The advisor judges were encouraged to engage with the developers in real time in an effort to further amplify the objective of keeping the advisor’s perspective top of mind. 

“What we have here is web engineers reverse-engineering for the advisor! That’s never happened before,” Powell said. “This level of accessibility to the people who write the programs, who think this stuff up, is fantastic—and now developers are saying [to advisors], ‘What do you need, we’ll build it.’”

JD Bruce, who has judged the competition from its inception, echoes Powell’s excitement for advisor access and interaction, but tempers it with caution about maintaining the integrity of the event. For example, Bruce was skeptical about inviting more advisors to attend.

“Once you add more advisors, now you’ve introduced potential clients [for the companies attending], and now the salespeople get interested, and the salespeople are going to be very careful. And they are going to be less willing to experiment. I think if you mix in [more] ‘observers,’ they might pull down the creativity.” 

This presents an interesting challenge for an event that grows in size each year, with more companies interested in sending representatives to join in the exercise. As it currently sits, the judges’ review of each “seven-minute” pitch takes north of five hours on the final day. Add even 20-30 advisors, and you run the risk of, as JD Bruce points out, turning the event into a sales spectacle, and adding in variables that cannot be precisely calculated in terms of how they will affect the overall mojo. And the general consensus among Orion leadership and the judges is that this mojo must be preserved at all costs. 
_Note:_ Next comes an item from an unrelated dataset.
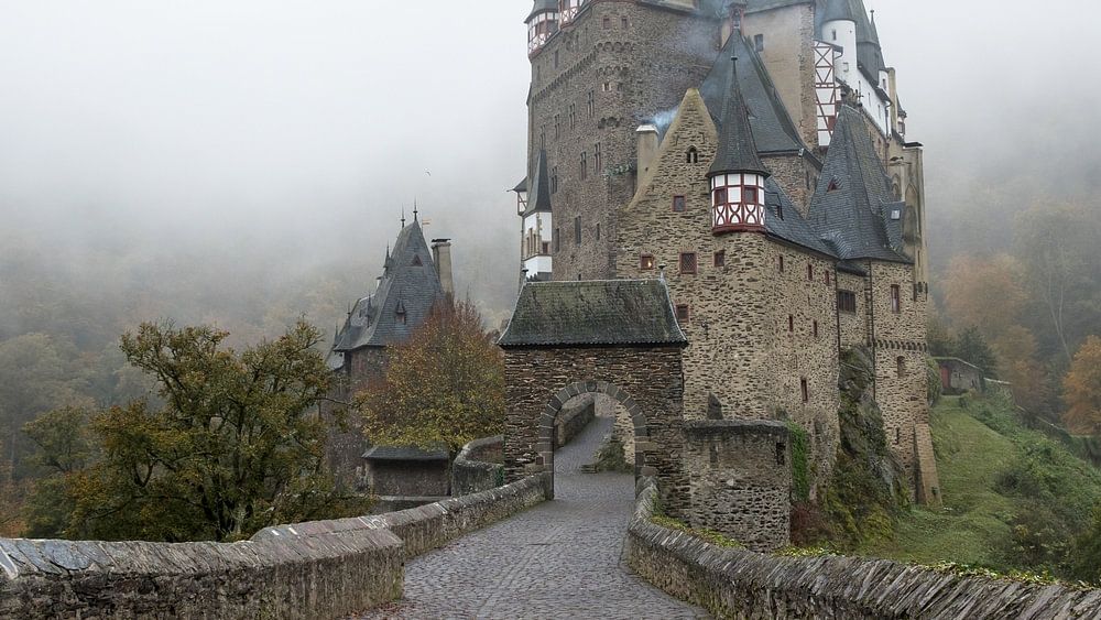 The beautiful Eltz castle is located in the beautiful German town of Wierschem, close to the Moselle in the Eifel region. The photo was taken early on an autumn morning. The mist makes it a bit fairytale-like.

And while independent advisors can take comfort in knowing that the unsung heroes of the industry, the dev guys who toil out of the spotlight, are hard at work laboring over the next useful advisor-client technology tool, there’s something in it for the wirehouse set as well.

“If you do break away, there is a very strong community of fintech providers that can serve your needs,” Oliverio said. “Change is inevitable, and it’s important to be open-minded; don’t [allow yourself to] be stuck in the same old way you’ve been doing things. [At] this event in particular, [developers] come together to make your life easier.”

Powell encourages due diligence: “Consider all of the technology you might use [as an RIA]—Riskalyze, Junxure, Orion—and get yourself on a plane and schedule a visit at their HQs. Let them help you understand, vet the technology. They want you to visit, want to show you what they are working on.” 

Jason Lahita is president and co-founder of FiComm Partners, a PR and marketing firm focused on the independent financial advisory community. Full disclosure, Orion Advisor Services is a FiComm client. None of the advisors quoted in this article are FiComm clients (yet).  Jason did absolutely no coding at Fuse, but he did take a lot of pictures and tweeted a bunch, and managed some media action, as PR guys are wont to do.